### Your instructions
Print the lines below word for word, beginning with the first and ending with the line that holds "In fine condition.", and skip every picture.

### Records for this task
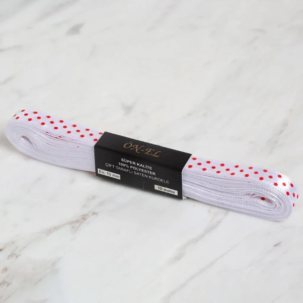 Loren Crafts 1cm 10 mt Beyaz Saten Puantiyeli Kurd
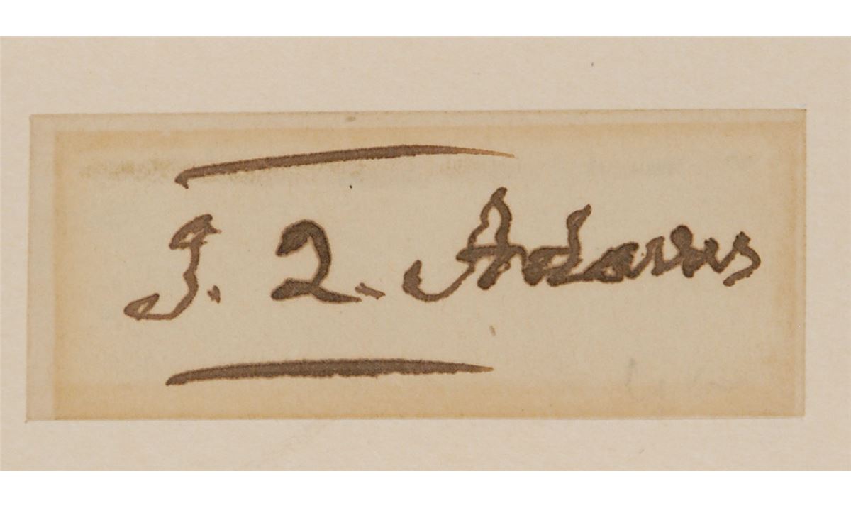 Bold ink signature, "J. Q. Adams," on an off-white 2 x .75 slip. Double-matted with a color portrait bearing a facsimile signature and a nameplate to an overall size of 11 x 18. In fine condition.
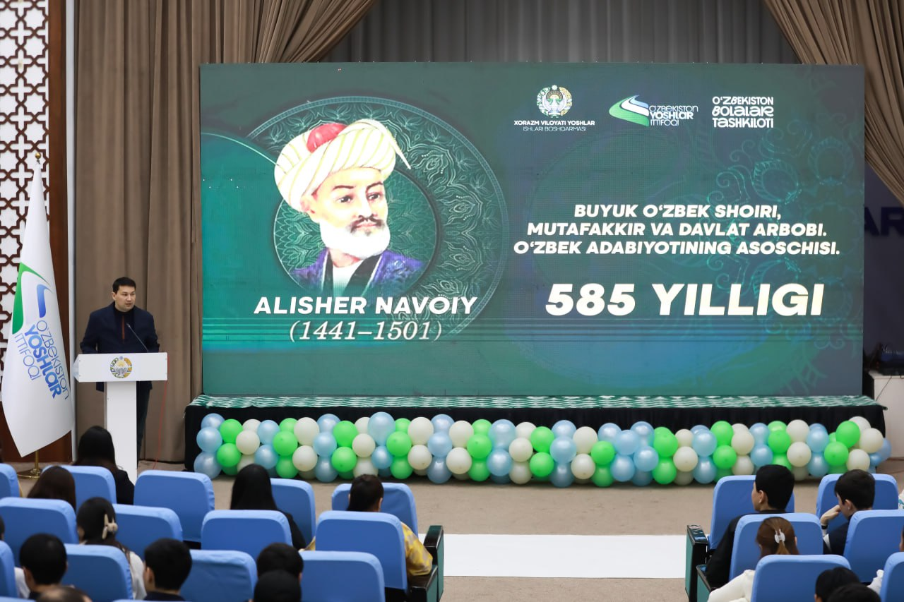 Urganch shahridagi Yoshlar markazida viloyat Yoshlar ishlari boshqarmasi, O’zbekiston yoshlar ittifoqi viloyat Kengashi va O’zbekiston bolalar tashkiloti hududiy bo‘limi tomonidan 9-fevral-buyuk mutafakkir, shoir va davlat arbobi, so‘z mulkining sultoni Alisher Navoiy tavalludining 585 yilligiga bag‘ishlab ma’naviy-ma’rifiy tadbir tashkil qilindi.
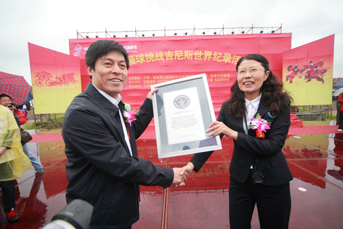 สถิติการใช้คนเดาะลูกฟุตบอลมากที่สุดในโลกในครั้งนี้ มีขึ้นที่เมืองหลิงซือ ในมลฑลซันตง ของประเทศจีน ซึ่งที่เมืองแห่งนี้เป็นที่ว่ากล่าวต่อ ๆ กันมาว่า เป็นต้นกำเนิดของกีฬาฟุตบอลในจีน นี่เองเลยทำให้ทางหน่วยงานราชการของเมืองเกิดไอเดียระดับโลก ด้วยการเลือกทำลายสถิติการใช้คนเดาะลูกฟุตบอลซะเลย
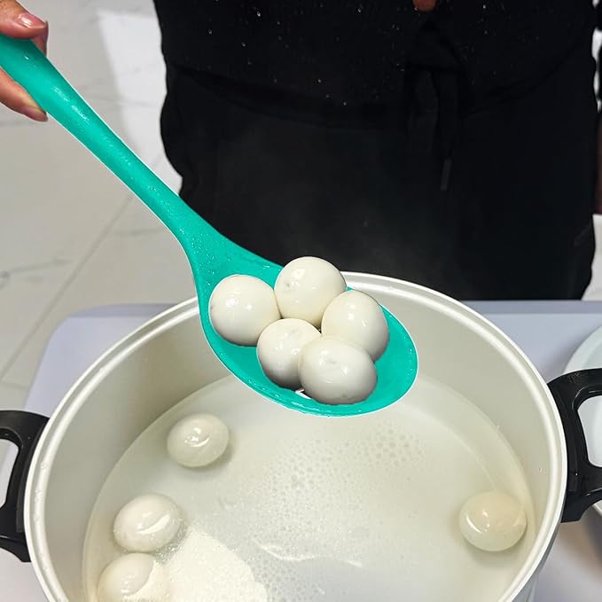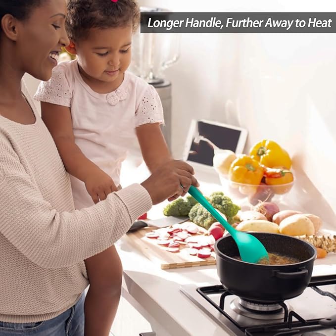 Silicone Spoons for Cooking - Extra Large Kitchen Spoons for Mixing, Serving, & Stirring - 600°F Heat-Resistant Non Stick Utensils Ladle & Skimmer- Dishwasher Safe, Teal
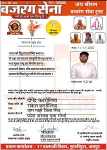 बजरंग सेना के राष्ट्रीय अध्यक्ष गौ क्रांतिकारी भागवताचार्य पूज्य भागेंद्र व्यास शास्त्री, बजरंग सेना के राष्ट्रीय प्रमुख अशोक शर्मा और बजरंग सेना के प्रदेश अध्यक्ष महेंद्र यादव की अनुशंसा पर बजरंग सेना के प्रदेश महामंत्री दीपेंद्र कटरौलिया के सराहनीय कार्य को देखते हुए उनको मध्य प्रदेश युवा मोर्चा बजरंग सेना का प्रदेश अध्यक्ष नियुक्त किया जाता है।
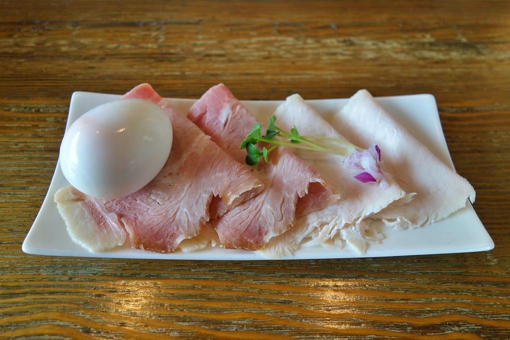 白い方は鶏チャーシュー。豚チャーシューよりもあっさりとした味わいで、上品なおいしさを楽しめました。
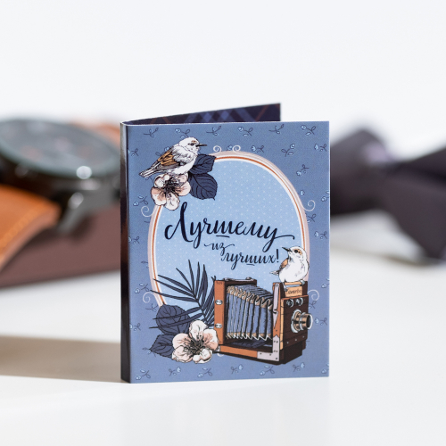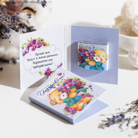 Внутри открытки - 1 шоколадка (вес 5 г., размер: 31 х 31 мм.)
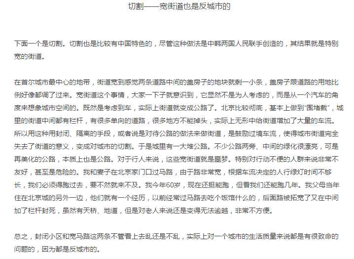 標(biāo)題上看,談的城市設(shè)計(jì),其實(shí)更多是針對城市問題,之所以起個(gè)標(biāo)題叫城市設(shè)計(jì),其實(shí)是旨在能進(jìn)入城市設(shè)計(jì)領(lǐng)域有所建樹,這個(gè)無可厚非,這樣標(biāo)題必定能引來建筑從業(yè)人員的共鳴,來實(shí)現(xiàn)從業(yè)領(lǐng)域的拓展。然,文我也略微仔細(xì)的讀了一下,談了蠻多觀點(diǎn)。要么都是老生常談

### Task answer
 Loren Crafts 1cm 10 mt Beyaz Saten Puantiyeli Kurd
 Bold ink signature, "J. Q. Adams," on an off-white 2 x .75 slip. Double-matted with a color portrait bearing a facsimile signature and a nameplate to an overall size of 11 x 18. In fine condition.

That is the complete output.